The following transactions with affiliates of Insignia were incurred during the
six months ended June 30, 1998 and 1997 (in thousands):
1998 1997
Property management fees (included in operating
expenses) $ 76 $ 73
Reimbursement for services of affiliates (included
in general and administrative expenses) 105 103
Partnership management fee (included in general
and administrative expenses) 36 36
In addition, approximately $1,000 and $2,000 of construction oversight
reimbursements were included in operating expenses for the six month periods
ended June 30, 1998 and 1997, respectively.

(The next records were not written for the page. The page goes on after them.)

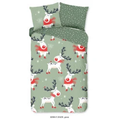 Dekbedovertrek “Dinde” van Good Morning met rendieren, in de kleur “Groen” is gemaakt van 100% geruwde 100% Cotton/ Flannel. Deze warme, zachte stof is zeer geschikt voor de wintermaanden, ademend en vocht absorberend.
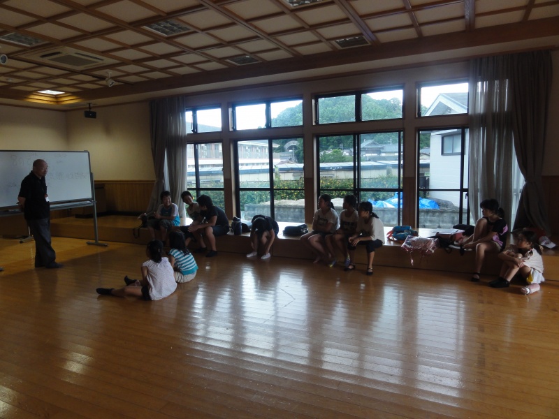 公民館へ帰って8月の水生生物キャンプの説明と質問を受けています。
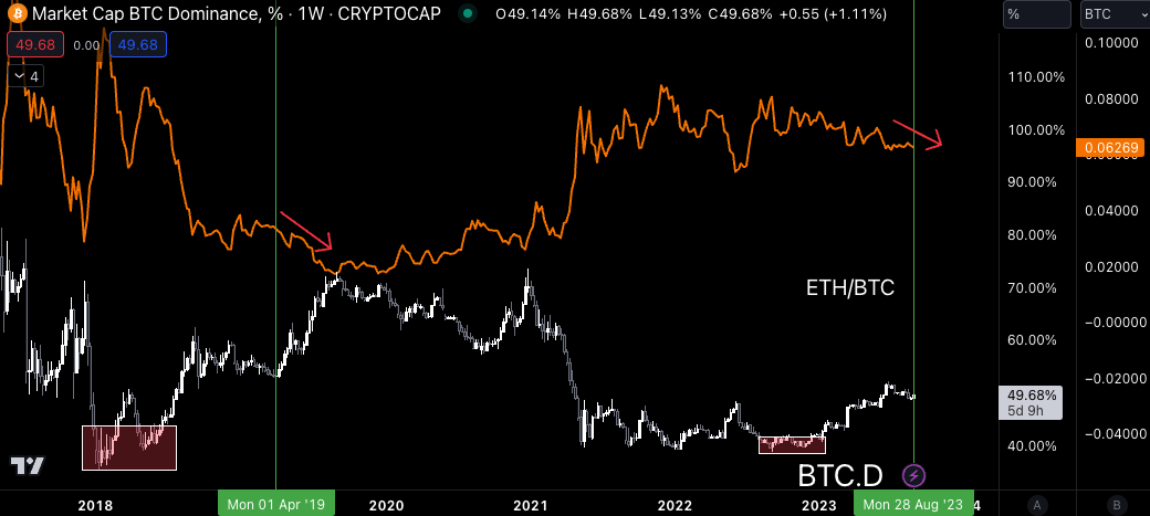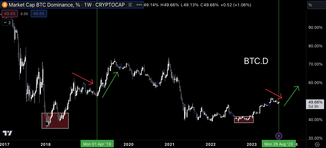 It has to do with Bitcoin dominance (BTC.D), a measure of Bitcoin’s market share of crypto based on its market cap. In the chart below, we can see that that rally in 2019 started back in 2018, when we got a nice double bottom (red box), followed by a solid run up until Q1 2019.
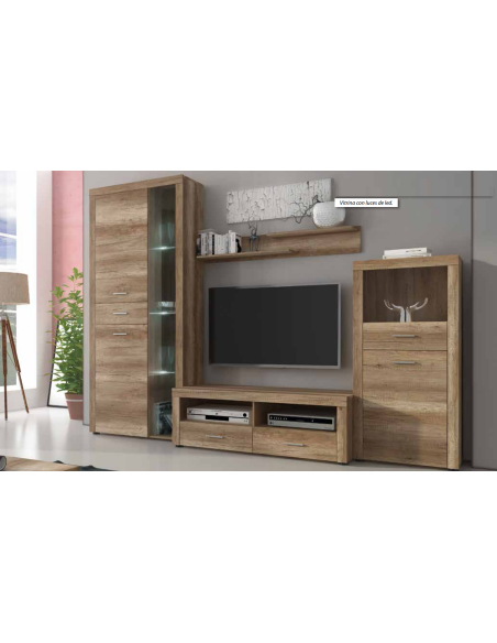 La composición Texas de 296cm, está formada por bajo de TV con dos huecos y dos cajones, un mueble bodeguero, vitrina alta con puertas combinadas en melamina y cristal, y un estante doble con trasera. Tiene una buena relación calidad precio. Fabricado en tablero melamínico de alta calidad, con Herrajes metálicos.
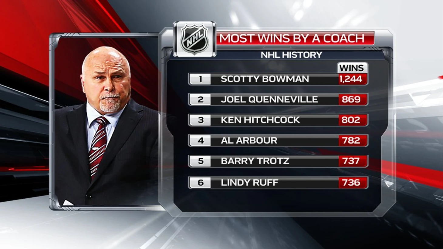 Рекордсмен среди тренеров – Скотти Боумэн (1244 победы). В топ-4 также входят Джоэл Кенневилл (869), Кен Хичкок (802) и Эл Арбур (782).
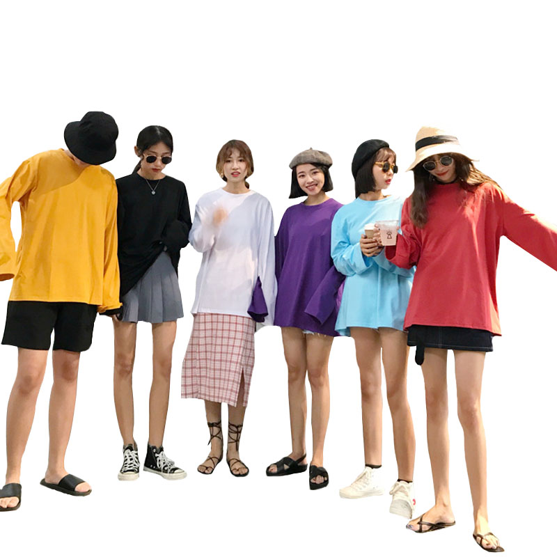 / 秋裝女裝韓版純色寬松百搭糖果色T恤學生中長款長袖體恤顯瘦上衣
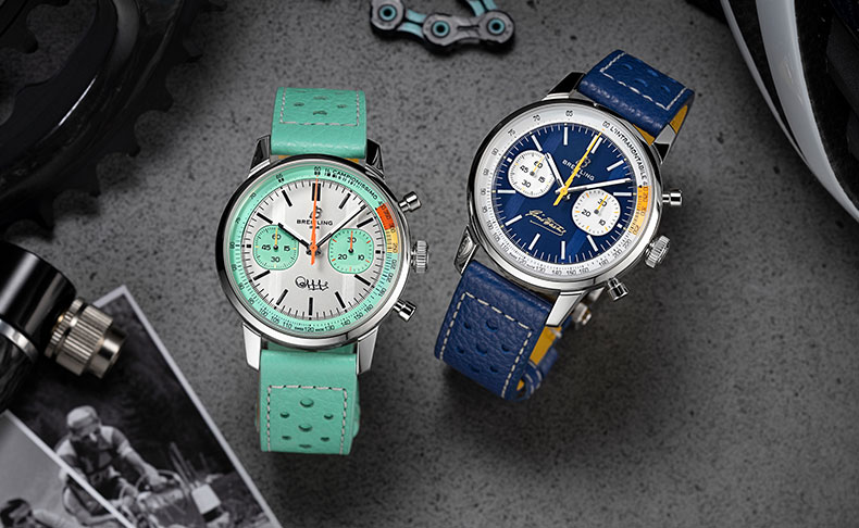 そして今、ブライトリングが、コッピとバルタリがスポーツと社会に刻んだ不朽の功績を称え、2つのトップタイム リミテッドエディションを発表しました。彼らの自転車やジャージから着想を得た鮮やかなカラーを纏い、これらのタイムレスなモダン クロノグラフは、伝説の物語を華やかに蘇らせます。

For the period from January 1, 1997 to August 31, 1997, the Partnership insured
its properties under a master policy through an agency affiliated with the
Managing General Partner but with an insurer unaffiliated with the Managing
General Partner. An affiliate of the Managing General Partner acquired, in the
acquisition of a business, certain financial obligations from an insurance
agency which was later acquired by the agent who placed the master policy. The
agent assumed the financial obligations to the affiliate of the Managing General
Partner which received payments on these obligations from the agent. The amount
of the Partnership's insurance premiums that accrued to the benefit of the
affiliate of the Managing General Partner by virtue of the agent's obligations
was not significant.
On March 17, 1998, Insignia entered into an agreement to merge its national
residential property management operations, and its controlling interest in IPT,
with Apartment Investment and Management Company ("AIMCO"), a publicly traded
real estate investment trust. The closing, which is anticipated to happen in
September or October of 1998, is subject to customary conditions, including
government approvals and the approval of Insignia's shareholders. If the
closing occurs, AIMCO will then control the Managing General Partner of the
Partnership.
NOTE D - CONTINGENCY
On January 24, 1990, a settlement agreement was executed by and between the
Partnership and certain defendants in connection with legal proceedings at
Commonwealth Centre. Lincoln Property Company ("Lincoln"), one of the
defendants, provided the Partnership with a deficiency certificate totaling
$1,250,000 pursuant to Lincoln's company-wide debt restructuring plan.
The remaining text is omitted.